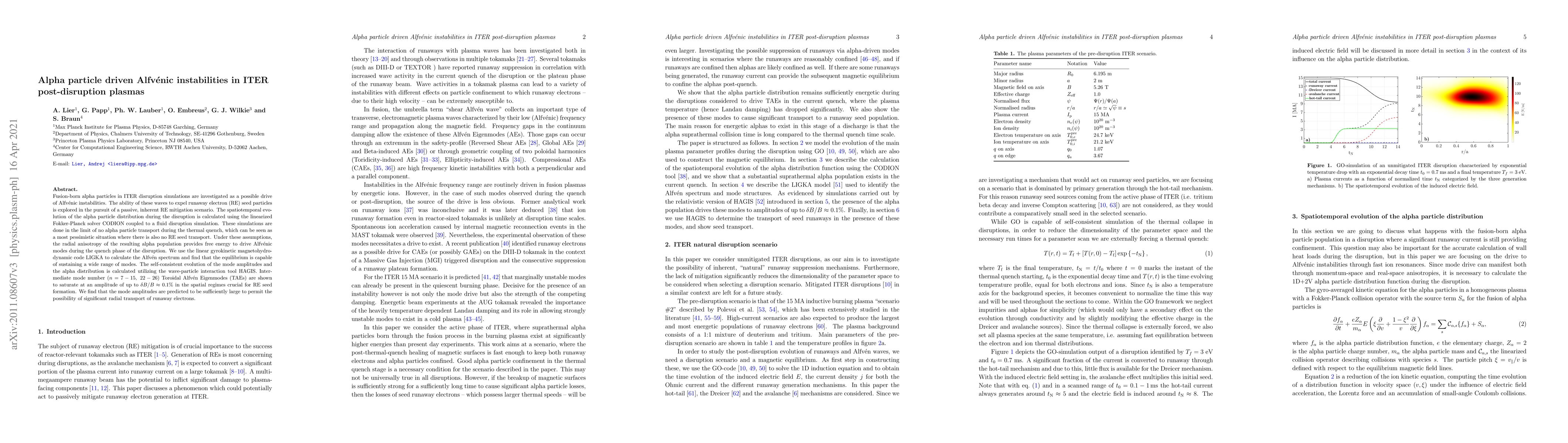 Fusion-born alpha particles in ITER disruption simulations are investigated as a possible drive of Alfv\'enic instabilities. The ability of these waves to expel runaway electron (RE) seed particles is explored in the pursuit of a passive, inherent RE mitigation scenario. The spatiotemporal evolution of the alpha particle distribution during the disruption is calculated using the linearized Fokker-Planck solver CODION coupled to a fluid disruption simulation. These simulations are done in the limit of no alpha particle transport during the thermal quench, which can be seen as a most pessimistic situation where there is also no RE seed transport. Under these assumptions, the radial anisotropy of the resulting alpha population provides free energy to drive Alfv\'enic modes during the quench phase of the disruption. We use the linear gyrokinetic magnetohydrodynamic code LIGKA to calculate the Alfv\'en spectrum and find that the equilibrium is capable of sustaining a wide range of modes. The self-consistent evolution of the mode amplitudes and the alpha distribution is calculated utilizing the wave-particle interaction tool HAGIS. Intermediate mode number ($n=7-15,~22-26$) Toroidal Alfv\'en Eigenmodes (TAEs) are shown to saturate at an amplitude of up to $\delta B /B \approx 0.1$\% in the spatial regimes crucial for RE seed formation. We find that the mode amplitudes are predicted to be sufficiently large to permit the possibility of significant radial transport of runaway electrons.
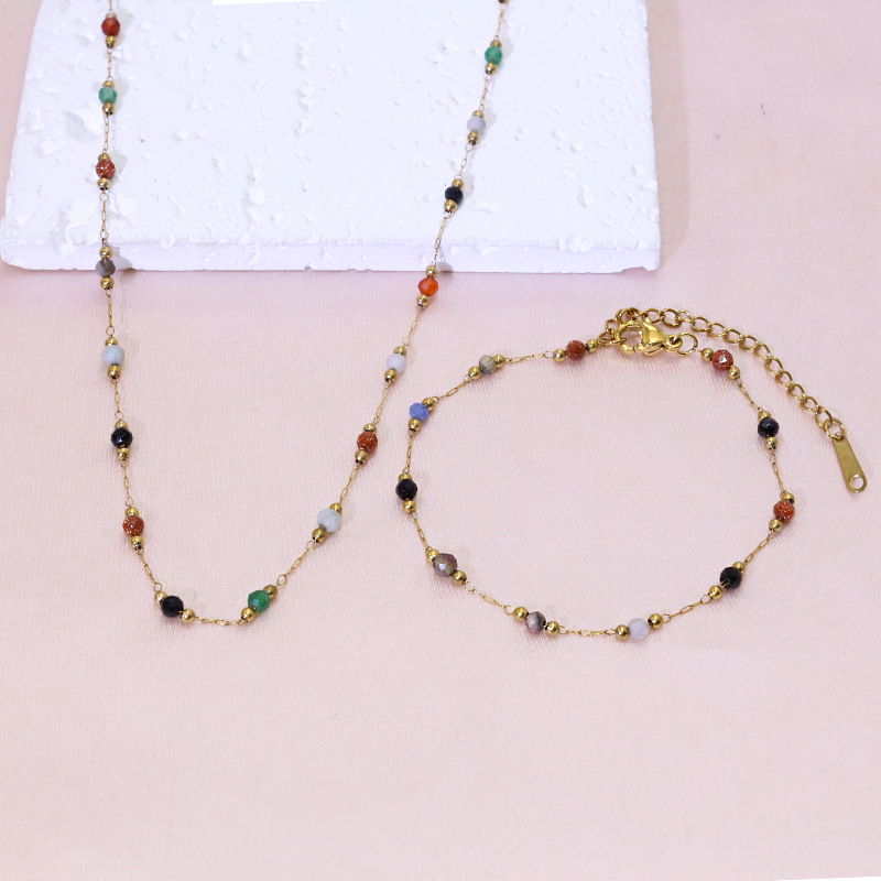 Manufacturer Produces Customized Mix and Match Natural Stone Splicing Design Necklace Titanium Steel Versatile and Exquisite Elegant Set Chain for Women
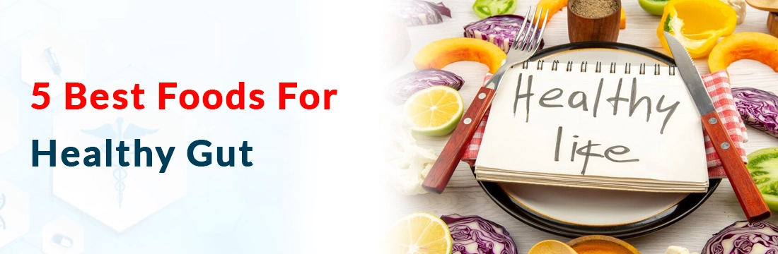 Various foods like Yogurt (Curd), Fermented Foods, Whole Grains, Leafy Greens, Avocado etc. are good for gut health.
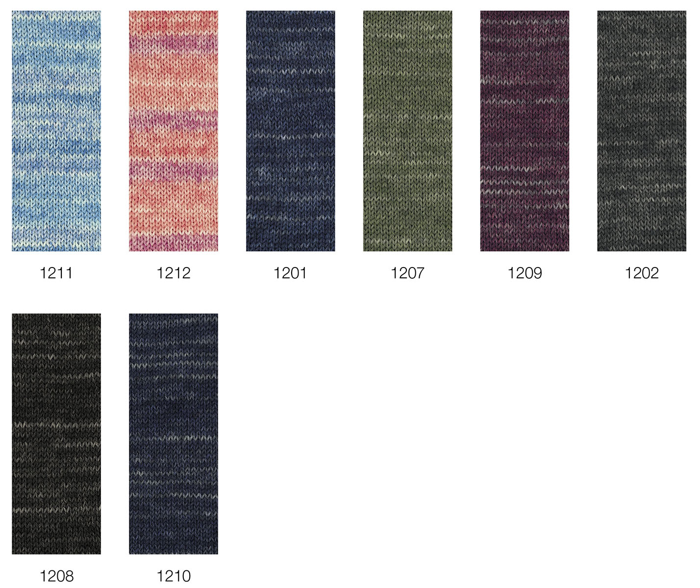 Klassiskt sockgarn i 80% ren ny ull. Självmönstrande.
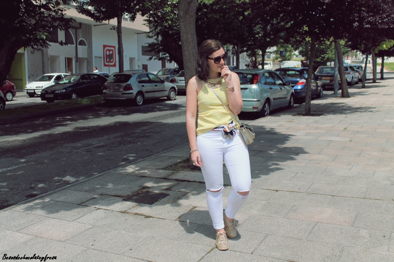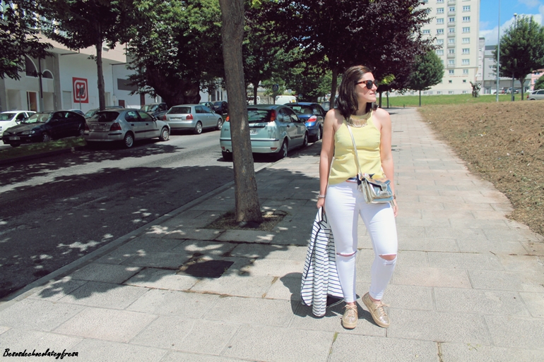 Hoy os propongo un look a tope de color, con uno de mis colores preferidos para el verano, el amarillo. Pienso que este color es super favorecedor una vez que ya se empieza a tener un tono moreno, para acentuarlo más aun si cabe.
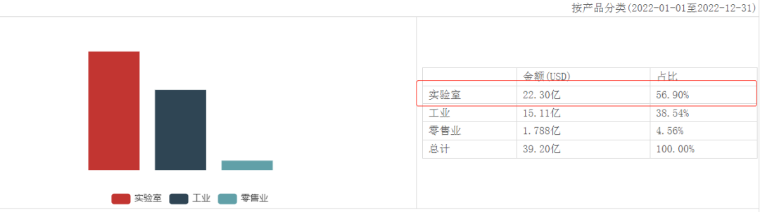 从梅特勒-托利多的运营架构就可以看出其对中国市场的重视:主要以区域划分为五大板块,包括:美国、瑞士、西欧、中国、其他。 岛津2022财年中国营收967.5亿日元(约7.16亿美元),占比20%,是除日本总部外最大市场,同比增长12%。- 主要受到用于药物应用的液相色谱仪的销量增加;以及中国从2022下半年开始的贴息政策,使实验室采购量增长。
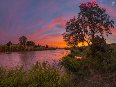Kanał Nevinnomyssk, Rosja, Stawropol, Drzewa, Zachód słońca, Rzeka, Roślinność, Kraj Stawropolski
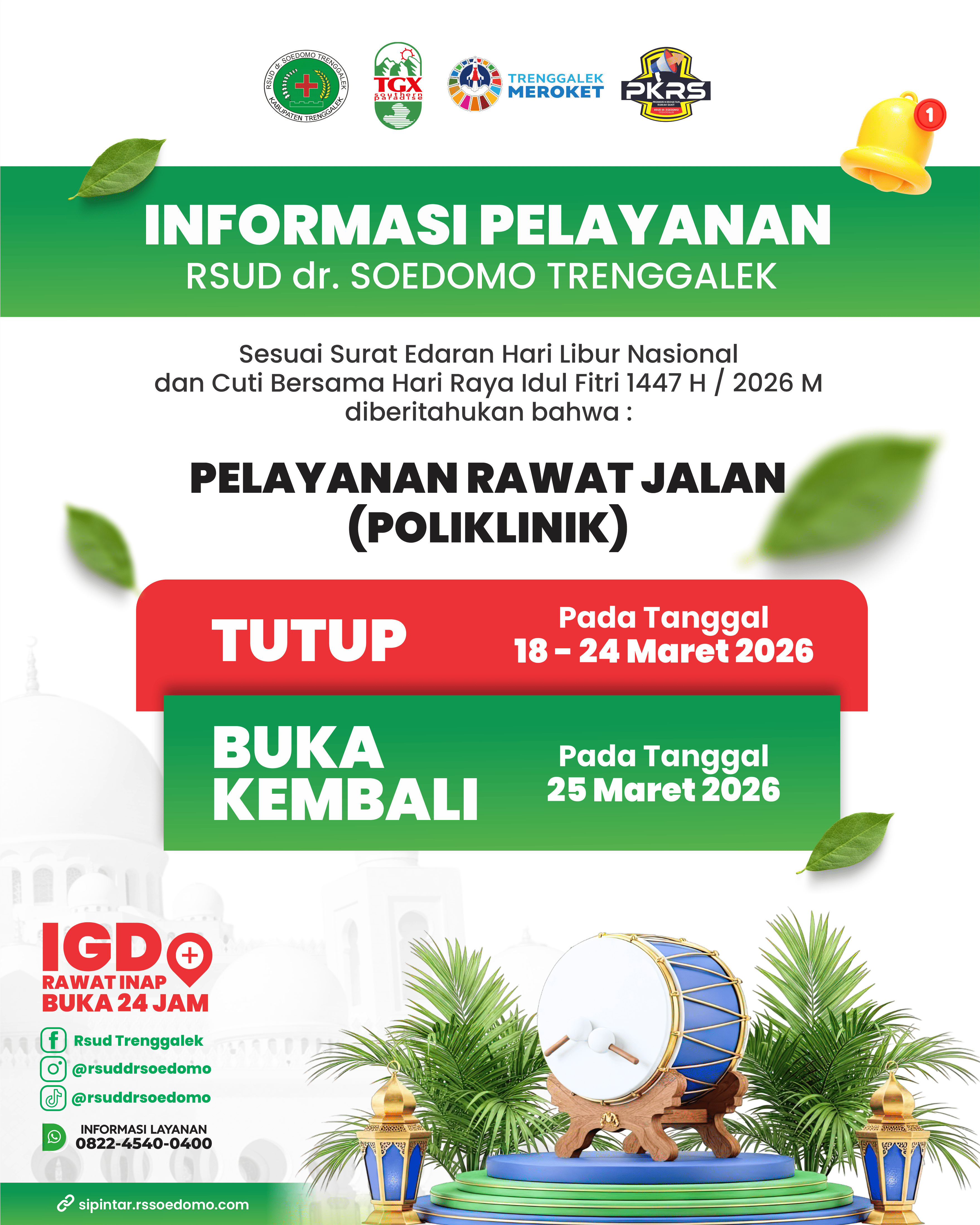 Informasi Pelayanan Poliklinik Rawat Jalan RSUD dr. Soedomo Tutup pada tanggal 18 Maret 2026 dan buka kembali pada tanggal 25 Maret 2026

* * * * *

To do:
Repeat word for word the lines starting at the one with "Kanał Nevinnomyssk, Rosja, Stawropol, Drzewa, Zachód" and ending at the final line of the records above, both included; no pictures.

Task result:
Kanał Nevinnomyssk, Rosja, Stawropol, Drzewa, Zachód słońca, Rzeka, Roślinność, Kraj Stawropolski
 Informasi Pelayanan Poliklinik Rawat Jalan RSUD dr. Soedomo Tutup pada tanggal 18 Maret 2026 dan buka kembali pada tanggal 25 Maret 2026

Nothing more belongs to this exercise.